#### EXTRACTED DATA:

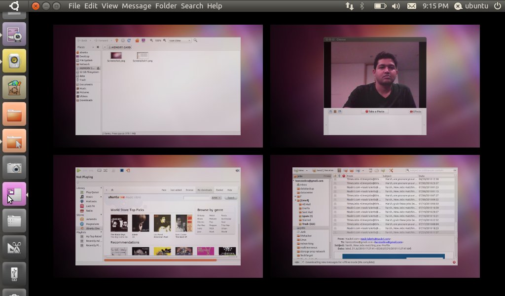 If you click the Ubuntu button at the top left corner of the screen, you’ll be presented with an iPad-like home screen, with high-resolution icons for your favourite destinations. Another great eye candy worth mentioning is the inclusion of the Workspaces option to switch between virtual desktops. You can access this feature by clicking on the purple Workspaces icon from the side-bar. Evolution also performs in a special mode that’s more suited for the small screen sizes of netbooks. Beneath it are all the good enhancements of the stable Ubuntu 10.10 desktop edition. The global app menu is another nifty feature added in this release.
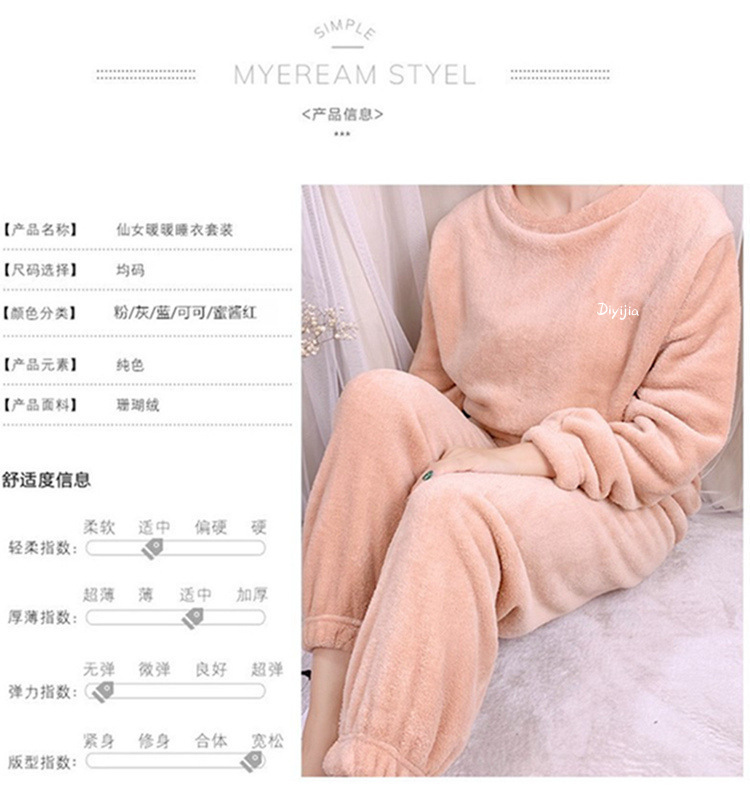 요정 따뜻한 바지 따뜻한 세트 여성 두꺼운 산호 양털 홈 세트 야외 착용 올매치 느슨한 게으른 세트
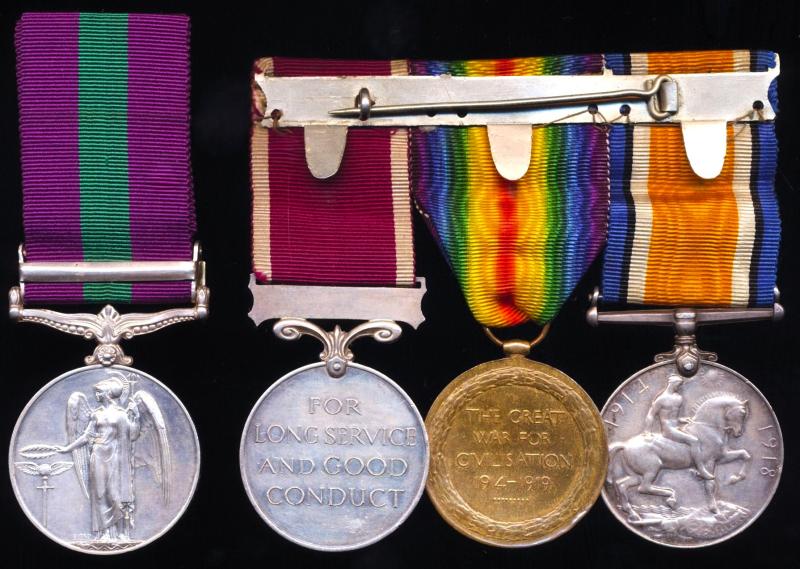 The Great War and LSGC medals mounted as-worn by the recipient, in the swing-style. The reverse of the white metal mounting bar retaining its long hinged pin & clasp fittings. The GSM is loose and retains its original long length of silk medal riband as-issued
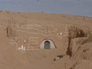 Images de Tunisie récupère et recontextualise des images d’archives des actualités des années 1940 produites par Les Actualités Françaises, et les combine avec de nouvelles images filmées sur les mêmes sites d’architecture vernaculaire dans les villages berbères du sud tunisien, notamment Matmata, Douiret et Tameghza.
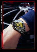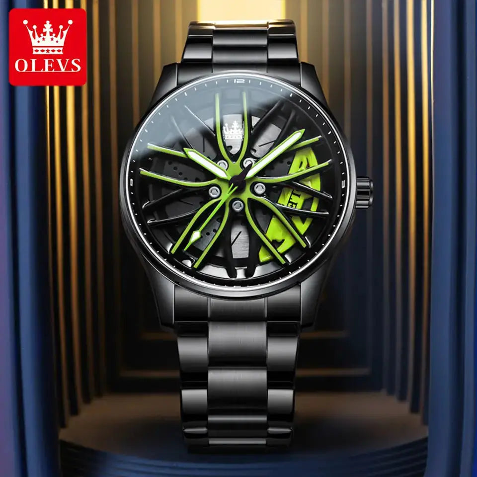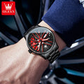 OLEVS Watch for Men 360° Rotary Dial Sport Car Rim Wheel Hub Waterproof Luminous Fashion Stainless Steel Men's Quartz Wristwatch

* * *

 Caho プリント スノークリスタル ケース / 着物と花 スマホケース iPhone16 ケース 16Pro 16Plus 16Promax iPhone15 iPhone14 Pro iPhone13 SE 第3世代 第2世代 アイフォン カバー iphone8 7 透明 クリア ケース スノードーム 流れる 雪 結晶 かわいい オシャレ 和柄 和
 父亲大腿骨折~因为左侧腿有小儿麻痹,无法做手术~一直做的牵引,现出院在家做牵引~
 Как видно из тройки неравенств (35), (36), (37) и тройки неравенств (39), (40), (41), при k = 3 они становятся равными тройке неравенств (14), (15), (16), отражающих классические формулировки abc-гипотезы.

#### EXERCISE OBJECTIVE:
Within the material above, only the stretch from the line holding "The Great War" through the line holding "OLEVS Watch for" is to be restated exactly. Pictures are dropped.

#### EXERCISE SOLUTION:
 The Great War and LSGC medals mounted as-worn by the recipient, in the swing-style. The reverse of the white metal mounting bar retaining its long hinged pin & clasp fittings. The GSM is loose and retains its original long length of silk medal riband as-issued
 Images de Tunisie récupère et recontextualise des images d’archives des actualités des années 1940 produites par Les Actualités Françaises, et les combine avec de nouvelles images filmées sur les mêmes sites d’architecture vernaculaire dans les villages berbères du sud tunisien, notamment Matmata, Douiret et Tameghza.
 OLEVS Watch for Men 360° Rotary Dial Sport Car Rim Wheel Hub Waterproof Luminous Fashion Stainless Steel Men's Quartz Wristwatch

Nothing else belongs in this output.